• [Brief] With the pictures left out, restate exactly the part below that opens with the line containing "Questo non è" and closes with the line containing "Предлагаем к строительству".

• [Input data]
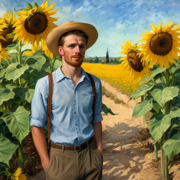 - Стиль одежды: Ван Гог выбрал бы непринужденный стиль одежды — простую льняную рубашку и брюки, возможно, с элементами деревенского стиля. Он мог бы дополнить образ соломенной шляпой, чтобы защититься от солнца во время прогулки.
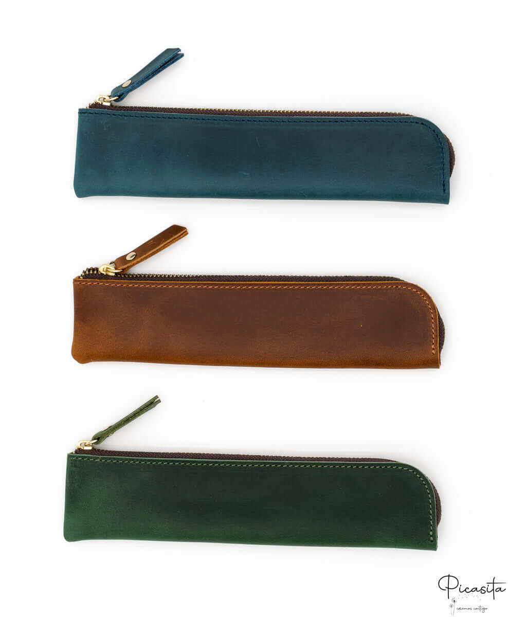 Questo non è un semplice portapenne; è un astuccio elegante disponibile in una gamma di colori selezionati per adattarsi a qualsiasi stile: Blu profondo, Beige crema, Marrone scuro classico, Marrone chiaro naturale e Verde bosco. Il suo profilo stretto, le cuciture rinforzate tono su tono e la cerniera metallica con tirante in stile pelle assicurano che i tuoi strumenti siano protetti con il massimo stile.
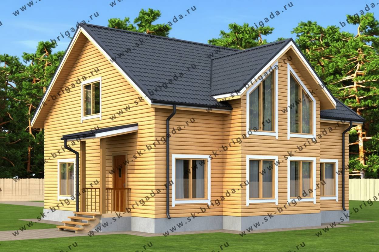 Предлагаем к строительству Дом с панорамными окнами и мансардой общей площадью всех помещений 179 кв.м и габаритными размерами самого сруба 10х10 за 2146000 рублей из обычного бруса сечением 150 на 150 мм или за 2422000 рублей из профилированного бруса сечением 140 на 140 мм. Из сухого профилированного бруса (камерной сушки) Дом с панорамными окнами и мансардой обойдется 2572000 рублей под ключ.
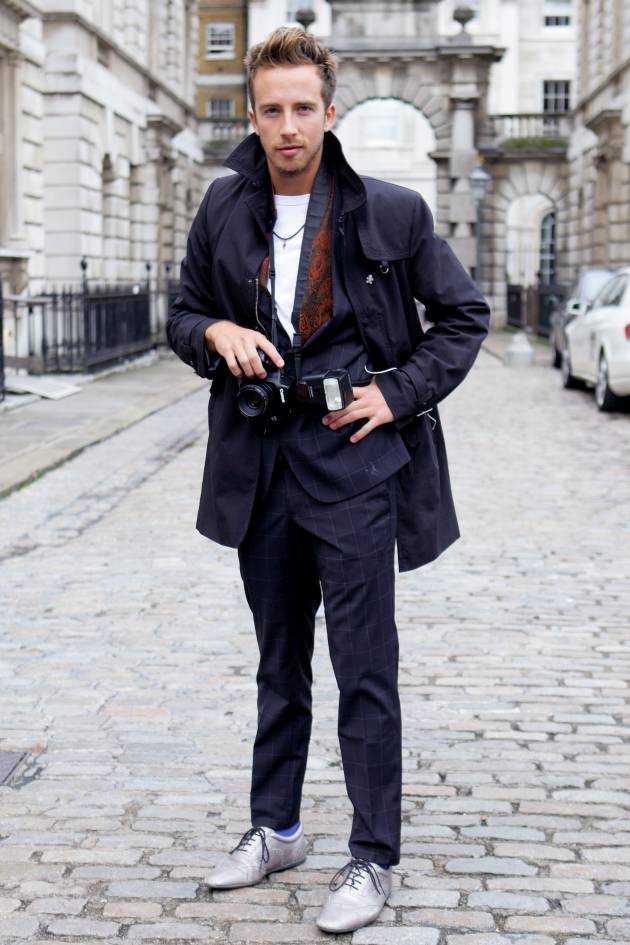 Il suo look? Da dandy moderno. Fotografo, porta la macchina fotografica appesa al collo, come in accessorio. Un completo a quadri blu notte è il pezzo forte del suo look del giorno. Sopra, un trench negli stessi toni dà il tocco finale a questo look molto elegante e perfettamente studiato. Ai piedi, un paio di derby metallizzate aggiunge un pizzico di originalità.

• [Task solution]
 Questo non è un semplice portapenne; è un astuccio elegante disponibile in una gamma di colori selezionati per adattarsi a qualsiasi stile: Blu profondo, Beige crema, Marrone scuro classico, Marrone chiaro naturale e Verde bosco. Il suo profilo stretto, le cuciture rinforzate tono su tono e la cerniera metallica con tirante in stile pelle assicurano che i tuoi strumenti siano protetti con il massimo stile.
 Предлагаем к строительству Дом с панорамными окнами и мансардой общей площадью всех помещений 179 кв.м и габаритными размерами самого сруба 10х10 за 2146000 рублей из обычного бруса сечением 150 на 150 мм или за 2422000 рублей из профилированного бруса сечением 140 на 140 мм. Из сухого профилированного бруса (камерной сушки) Дом с панорамными окнами и мансардой обойдется 2572000 рублей под ключ.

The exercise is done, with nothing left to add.